Cyberattack Targets BBC and British Airways via MOVEit Software
Britain’s cybersecurity agency issued a warning on Wednesday, urging companies to remain vigilant following a software hack that compromised personal details of employees at the BBC, British Airways, and other firms.
The breach occurred after hackers successfully infiltrated MOVEit, a popular file transfer software. The Clop ransomware group, believed to be based in Russia, has threatened to publish stolen data, including names and home addresses, on their dark web platform. The National Cyber Security Center (NCSC) in the UK stated that they are actively investigating the impact of the vulnerability and advised organizations to take immediate action by implementing security updates and following best practices recommended by the software vendor.

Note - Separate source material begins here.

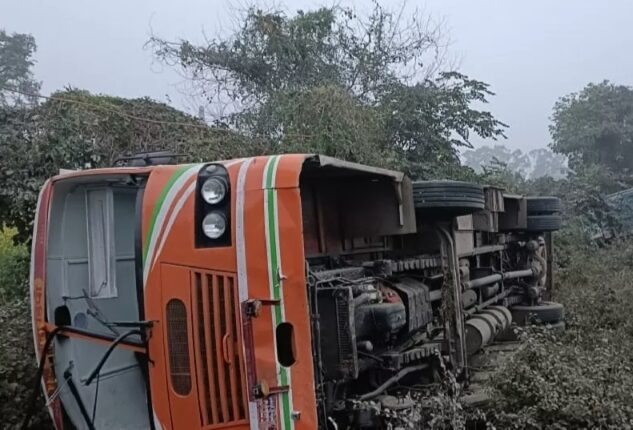 कानपुर। बिधनू कठेरुआ गांव के पास शुक्रवार सुबह ओवरटेक कर रही रोडवेज बस के आगे चल रहे डंपर से टकराने के बाद खंती में पलट गई। जिसमें बस के दो चालक समेत नौ सवारियां दबकर घायल ही गई। वहीं अनियंत्रित डंपर खंती में जा घुस गया। जिसका चालक मौके से भाग निकला।

MOVEit is widely used by businesses to securely exchange files online, and Zellis, a leading payroll services provider in the UK working with British Airways and numerous other companies, was among its users. Zellis confirmed that a “small number” of its customers were affected by the breach.
The breach allowed hackers to access databases of potentially hundreds of other companies by exploiting a new and previously unknown vulnerability in the MOVEit file transfer tool, according to British Airways. The airline has informed the affected individuals and is providing them with support and guidance. Boots, a major drugstore chain employing over 50,000 people, has also notified its staff about the breach.